학술논문

Big Data Oriented Graph Division and Storage
Document Type
Conference
Source
2023 IEEE 8th International Conference on Big Data Analytics (ICBDA) Big Data Analytics (ICBDA), 2023 IEEE 8th International Conference on. :47-52 Mar, 2023
Subject
Computing and Processing
Memory management
Directed graphs
Big Data
Programming
Explosions
Libraries
Machinery
graph division
big data computing
big data storage
Language
Abstract
Parameters of machinery parts have dependency relationships between each other. Given a part, our task is to compute all the combinations of all its parameters constrained by the dependency relationships between them. A directed graph can be used to represent the dependency relationships between those parameters. However, simply using the width-first extension to solve the combinations would lead to the problem of combinatorial explosion, even with the constraint imposed by the dependency relationships. This problem causes consequences of too long the computing time, too large the required computer memory, and too slow the subsequent data querying. To solve the problem, we propose a method of graph division to reduce the computation scale.

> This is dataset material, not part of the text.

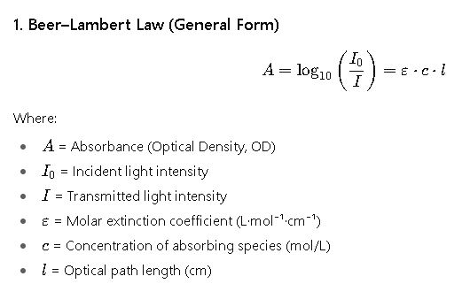 Optical density is a measure of how much a sample absorbs or scatters light. The calculation is rooted in the Beer–Lambert Law, but adapted for microbial suspensions where scattering dominates.

Based on specific characteristics of our task, the method divides the directed graph into various regions, and further divides complex ones of the regions into various sub-graphs. By the strategy of divide-and-conquer, processing of the entire graph is decomposed into processing of simple sub-graphs. Even with the application of above graph division, rows number of tables used to store the result of the extension can still be as large as one billion. Conventional DBMSs would perform poorly at such large a data scale. To combat this problem, we use a tool of persistent memory programming, Metall, to process the big data. Utilizing the tool gains a high I/O throughout. Our experiments show that, among 3,581 machinery parts being processed, for 97% of them, each part can be processed within 6 hours. Moreover, the technique of graph division improves the efficiency of subsequent data querying by 77%.